** Supplied entries **
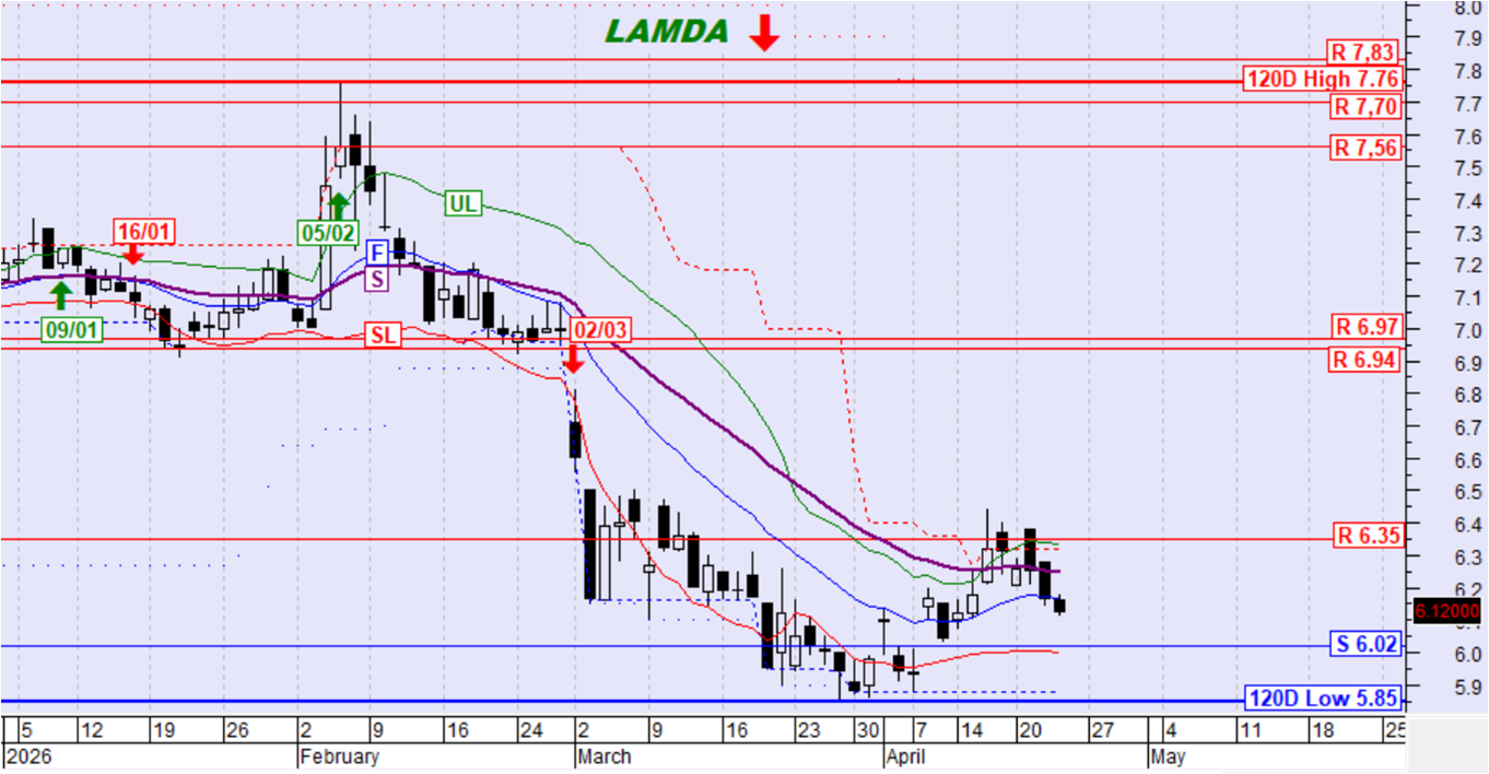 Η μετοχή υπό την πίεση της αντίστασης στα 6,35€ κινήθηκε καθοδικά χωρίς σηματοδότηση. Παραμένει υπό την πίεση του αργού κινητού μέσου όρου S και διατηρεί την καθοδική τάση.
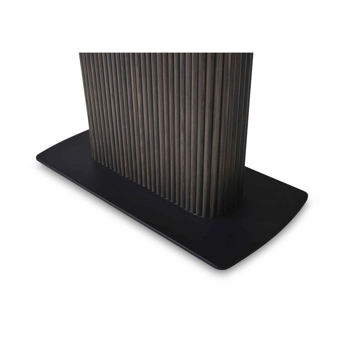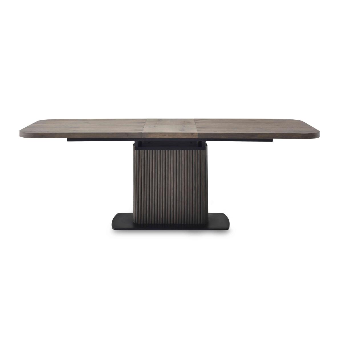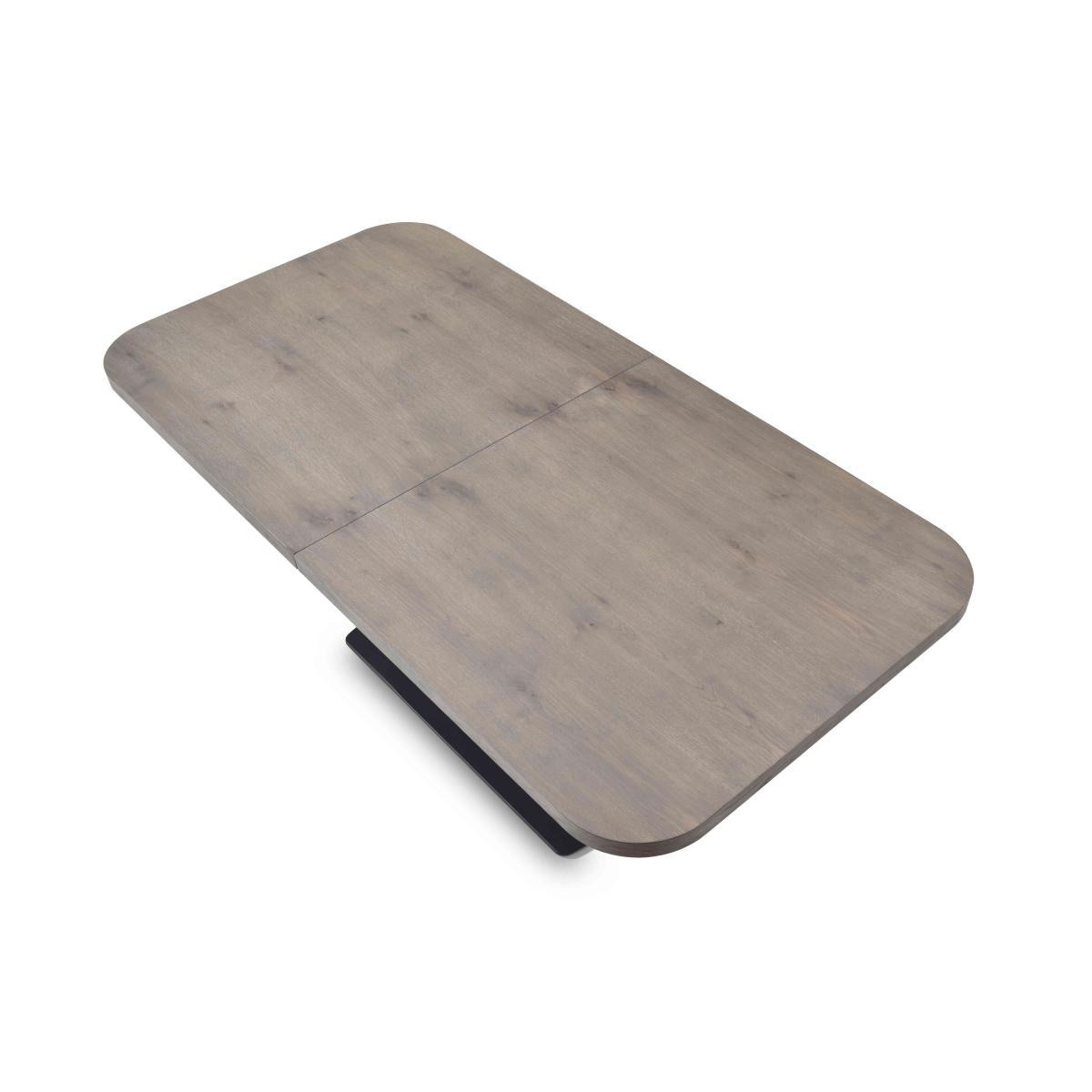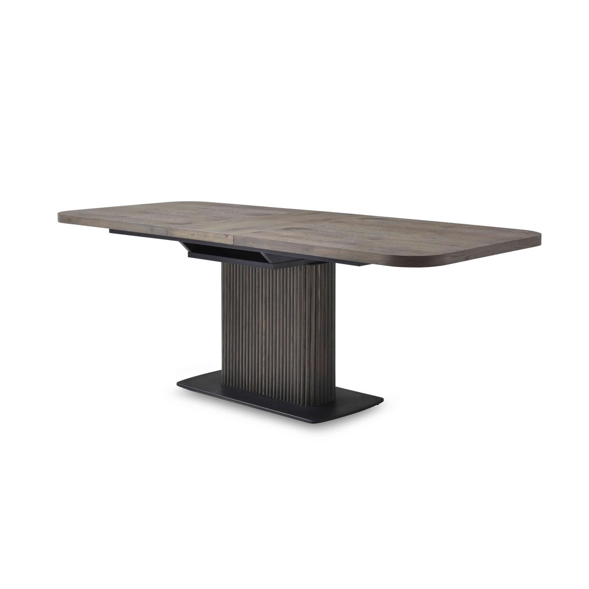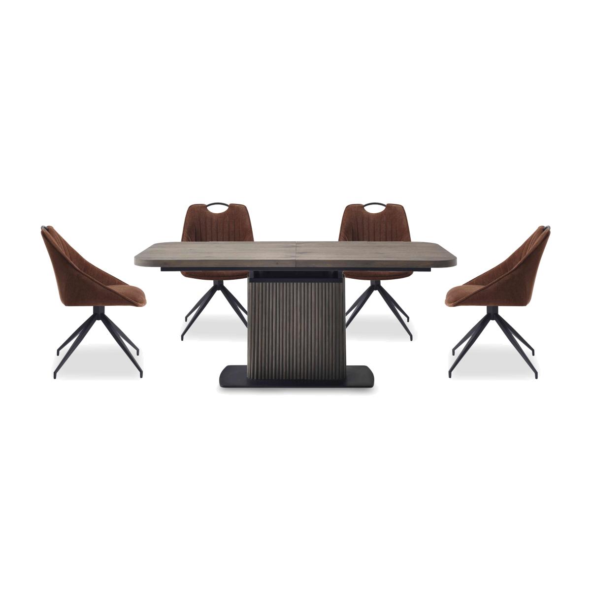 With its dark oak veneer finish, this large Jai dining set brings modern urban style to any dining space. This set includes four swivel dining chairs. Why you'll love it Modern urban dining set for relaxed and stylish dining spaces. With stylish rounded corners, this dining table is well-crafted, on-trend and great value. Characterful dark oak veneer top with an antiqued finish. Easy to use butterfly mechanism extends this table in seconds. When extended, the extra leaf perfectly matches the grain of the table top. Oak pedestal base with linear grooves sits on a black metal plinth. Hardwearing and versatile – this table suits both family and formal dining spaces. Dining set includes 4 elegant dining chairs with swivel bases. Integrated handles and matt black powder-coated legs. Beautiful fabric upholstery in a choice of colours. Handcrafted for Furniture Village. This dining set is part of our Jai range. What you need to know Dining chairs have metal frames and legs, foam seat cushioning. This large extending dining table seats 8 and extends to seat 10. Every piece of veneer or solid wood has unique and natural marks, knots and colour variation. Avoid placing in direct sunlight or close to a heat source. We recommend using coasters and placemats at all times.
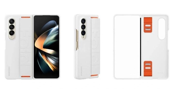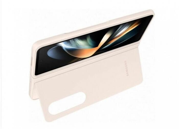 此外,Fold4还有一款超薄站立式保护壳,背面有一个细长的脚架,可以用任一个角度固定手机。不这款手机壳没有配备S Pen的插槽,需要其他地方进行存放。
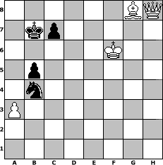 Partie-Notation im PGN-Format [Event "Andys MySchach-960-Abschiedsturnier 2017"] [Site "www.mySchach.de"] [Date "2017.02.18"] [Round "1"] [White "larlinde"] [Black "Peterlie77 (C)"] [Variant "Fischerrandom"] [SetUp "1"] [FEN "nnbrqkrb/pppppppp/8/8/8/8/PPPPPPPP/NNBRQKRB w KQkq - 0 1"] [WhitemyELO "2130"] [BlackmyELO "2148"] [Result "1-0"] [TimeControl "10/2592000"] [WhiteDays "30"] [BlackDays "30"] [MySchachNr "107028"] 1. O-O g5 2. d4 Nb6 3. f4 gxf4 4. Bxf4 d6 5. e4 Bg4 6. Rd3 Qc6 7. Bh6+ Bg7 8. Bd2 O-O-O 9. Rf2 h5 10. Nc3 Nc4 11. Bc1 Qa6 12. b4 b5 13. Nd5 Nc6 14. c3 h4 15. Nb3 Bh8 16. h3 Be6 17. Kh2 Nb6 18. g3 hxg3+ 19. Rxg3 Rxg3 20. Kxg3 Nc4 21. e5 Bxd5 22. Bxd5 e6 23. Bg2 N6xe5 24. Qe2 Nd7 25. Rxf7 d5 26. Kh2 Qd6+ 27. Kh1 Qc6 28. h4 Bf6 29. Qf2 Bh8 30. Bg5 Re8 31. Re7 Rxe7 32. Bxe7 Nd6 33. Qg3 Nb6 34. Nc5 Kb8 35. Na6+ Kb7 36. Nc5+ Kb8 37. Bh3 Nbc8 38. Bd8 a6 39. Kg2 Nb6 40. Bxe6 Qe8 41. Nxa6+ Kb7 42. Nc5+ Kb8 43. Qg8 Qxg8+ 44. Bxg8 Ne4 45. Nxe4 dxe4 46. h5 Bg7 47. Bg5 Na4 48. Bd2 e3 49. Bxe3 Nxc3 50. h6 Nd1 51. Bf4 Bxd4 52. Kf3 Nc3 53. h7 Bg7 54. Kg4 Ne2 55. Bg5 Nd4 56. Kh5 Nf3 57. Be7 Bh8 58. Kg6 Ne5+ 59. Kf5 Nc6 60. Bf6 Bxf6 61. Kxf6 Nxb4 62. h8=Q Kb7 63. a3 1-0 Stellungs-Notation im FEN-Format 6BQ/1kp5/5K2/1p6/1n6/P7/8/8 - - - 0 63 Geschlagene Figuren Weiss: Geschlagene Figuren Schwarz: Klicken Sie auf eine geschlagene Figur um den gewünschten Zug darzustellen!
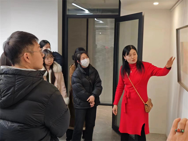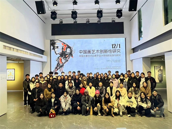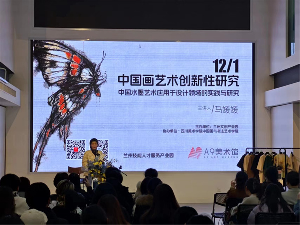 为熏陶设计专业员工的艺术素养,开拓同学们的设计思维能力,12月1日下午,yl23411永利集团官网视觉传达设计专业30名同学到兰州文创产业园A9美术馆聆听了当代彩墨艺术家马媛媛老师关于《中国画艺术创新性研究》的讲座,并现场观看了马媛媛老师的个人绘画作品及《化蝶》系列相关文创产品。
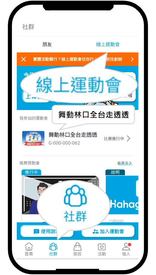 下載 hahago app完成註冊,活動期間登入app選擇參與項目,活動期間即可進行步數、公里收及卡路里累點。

** Exercise requirements **
In transcribing the material above, reproduce each line exactly and include none of the pictures.

** Solution to this problem **
 Η μετοχή υπό την πίεση της αντίστασης στα 6,35€ κινήθηκε καθοδικά χωρίς σηματοδότηση. Παραμένει υπό την πίεση του αργού κινητού μέσου όρου S και διατηρεί την καθοδική τάση.
 With its dark oak veneer finish, this large Jai dining set brings modern urban style to any dining space. This set includes four swivel dining chairs. Why you'll love it Modern urban dining set for relaxed and stylish dining spaces. With stylish rounded corners, this dining table is well-crafted, on-trend and great value. Characterful dark oak veneer top with an antiqued finish. Easy to use butterfly mechanism extends this table in seconds. When extended, the extra leaf perfectly matches the grain of the table top. Oak pedestal base with linear grooves sits on a black metal plinth. Hardwearing and versatile – this table suits both family and formal dining spaces. Dining set includes 4 elegant dining chairs with swivel bases. Integrated handles and matt black powder-coated legs. Beautiful fabric upholstery in a choice of colours. Handcrafted for Furniture Village. This dining set is part of our Jai range. What you need to know Dining chairs have metal frames and legs, foam seat cushioning. This large extending dining table seats 8 and extends to seat 10. Every piece of veneer or solid wood has unique and natural marks, knots and colour variation. Avoid placing in direct sunlight or close to a heat source. We recommend using coasters and placemats at all times.
 此外,Fold4还有一款超薄站立式保护壳,背面有一个细长的脚架,可以用任一个角度固定手机。不这款手机壳没有配备S Pen的插槽,需要其他地方进行存放。
 Partie-Notation im PGN-Format [Event "Andys MySchach-960-Abschiedsturnier 2017"] [Site "www.mySchach.de"] [Date "2017.02.18"] [Round "1"] [White "larlinde"] [Black "Peterlie77 (C)"] [Variant "Fischerrandom"] [SetUp "1"] [FEN "nnbrqkrb/pppppppp/8/8/8/8/PPPPPPPP/NNBRQKRB w KQkq - 0 1"] [WhitemyELO "2130"] [BlackmyELO "2148"] [Result "1-0"] [TimeControl "10/2592000"] [WhiteDays "30"] [BlackDays "30"] [MySchachNr "107028"] 1. O-O g5 2. d4 Nb6 3. f4 gxf4 4. Bxf4 d6 5. e4 Bg4 6. Rd3 Qc6 7. Bh6+ Bg7 8. Bd2 O-O-O 9. Rf2 h5 10. Nc3 Nc4 11. Bc1 Qa6 12. b4 b5 13. Nd5 Nc6 14. c3 h4 15. Nb3 Bh8 16. h3 Be6 17. Kh2 Nb6 18. g3 hxg3+ 19. Rxg3 Rxg3 20. Kxg3 Nc4 21. e5 Bxd5 22. Bxd5 e6 23. Bg2 N6xe5 24. Qe2 Nd7 25. Rxf7 d5 26. Kh2 Qd6+ 27. Kh1 Qc6 28. h4 Bf6 29. Qf2 Bh8 30. Bg5 Re8 31. Re7 Rxe7 32. Bxe7 Nd6 33. Qg3 Nb6 34. Nc5 Kb8 35. Na6+ Kb7 36. Nc5+ Kb8 37. Bh3 Nbc8 38. Bd8 a6 39. Kg2 Nb6 40. Bxe6 Qe8 41. Nxa6+ Kb7 42. Nc5+ Kb8 43. Qg8 Qxg8+ 44. Bxg8 Ne4 45. Nxe4 dxe4 46. h5 Bg7 47. Bg5 Na4 48. Bd2 e3 49. Bxe3 Nxc3 50. h6 Nd1 51. Bf4 Bxd4 52. Kf3 Nc3 53. h7 Bg7 54. Kg4 Ne2 55. Bg5 Nd4 56. Kh5 Nf3 57. Be7 Bh8 58. Kg6 Ne5+ 59. Kf5 Nc6 60. Bf6 Bxf6 61. Kxf6 Nxb4 62. h8=Q Kb7 63. a3 1-0 Stellungs-Notation im FEN-Format 6BQ/1kp5/5K2/1p6/1n6/P7/8/8 - - - 0 63 Geschlagene Figuren Weiss: Geschlagene Figuren Schwarz: Klicken Sie auf eine geschlagene Figur um den gewünschten Zug darzustellen!
 为熏陶设计专业员工的艺术素养,开拓同学们的设计思维能力,12月1日下午,yl23411永利集团官网视觉传达设计专业30名同学到兰州文创产业园A9美术馆聆听了当代彩墨艺术家马媛媛老师关于《中国画艺术创新性研究》的讲座,并现场观看了马媛媛老师的个人绘画作品及《化蝶》系列相关文创产品。
 下載 hahago app完成註冊,活動期間登入app選擇參與項目,活動期間即可進行步數、公里收及卡路里累點。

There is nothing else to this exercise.